Evidently she felt and understood what was coming, for she rushed to the door. But I was quicker than she, and I locked the door with the key, breathing loudly and not for a second taking my eyes from that place on her head. . . .

"You . . . you are mad! How dare you . . ." She moved backward toward the bed, put her trembling hands between her knees. . . . Like a tense spring, holding her firmly with my gaze, I slowly stretched out my arm toward the table (only one arm could move), and I snatched the piston.

"I implore you! One day—only one day! Tomorrow I shall go and attend to the formalities . . ."

What was she talking about? I swung my arm . . . And I consider I killed her. Yes, you my unknown readers, you have the right to call me murderer. I know that I should have dealt the blow on her head had she not screamed:

"For for the sake . . . I agree. . . . I . . . one moment . . ." With trembling hands she tore off her unif—a large, yellow, drooping body, she fell upon the bed. . . .

Then I understood; she thought that I pulled the curtains . . . in order to . . . that I wanted . . .

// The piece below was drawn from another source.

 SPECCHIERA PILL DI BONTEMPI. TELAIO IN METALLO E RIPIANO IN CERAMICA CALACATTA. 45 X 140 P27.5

This was so unexpected and so stupid that I burst out laughing. Immediately the tense spring within me broke, and my hand weakened, and the piston fell to the floor.

Here I learned from personal experience that laughter is the most terrible of weapons; you can kill anything with laughter, even murder. I sat at my table and laughed desperately; I saw no way out of that absurd situation. I don't know what would have been the end if things had run their natural course, but suddenly a new factor in the arithmetical chain: the telephone rang.

I hurried, grasped the receiver. Perhaps she . . . I heard an unfamiliar voice:

"Wait a minute."

Annoying, infinite buzzing. Heavy steps from afar, nearer and louder like cast iron, and . . .

"D-503? The Well-Doer speaking. Come at once to me."

Ding! He hung up the receiver. Ding! like a key in a keyhole.

U- was still in bed, eyes closed, gills apart in the form of a smile. I picked up her clothes, threw them on her, and said through clenched teeth:

"Well. Quick! Quick!"

She raised her body on her elbow, her breasts hanging down to one side, eyes round. She became a figure of wax.

"What?"

"Get dressed, that is what!"

Face distorted, she firmly snatched her clothes and said in a flat voice, "Turn away . . ."

I turned away, pressed my forehead against the glass.

Light, figures, sparks were trembling in the black, wet mirror. . . . No, all this was I, myself—within me. . . . What did HE call me for? Is it possible that HE knows already about her, about me, about everything?

U-, already dressed, was at the door. I made a step toward her and pressed her hand as hard as though I hoped to squeeze out of it, drop by drop, what I needed.

"Listen . . . Her name, you know whom I am talking of, did you report her name? No? Tell the truth, I must . . . I don't care what happens, but tell the truth!"

"No."

"No? But why not, since you . . ."

Her lower lip turned out like the lip of that boy and her face . . . tears were running down her cheeks.

"Because I . . . I was afraid that if I did you might . . . you would stop lov— Oh, I cannot, I could not!"

I understood. It was the truth. Absurd, ridiculous, human truth. I opened the door.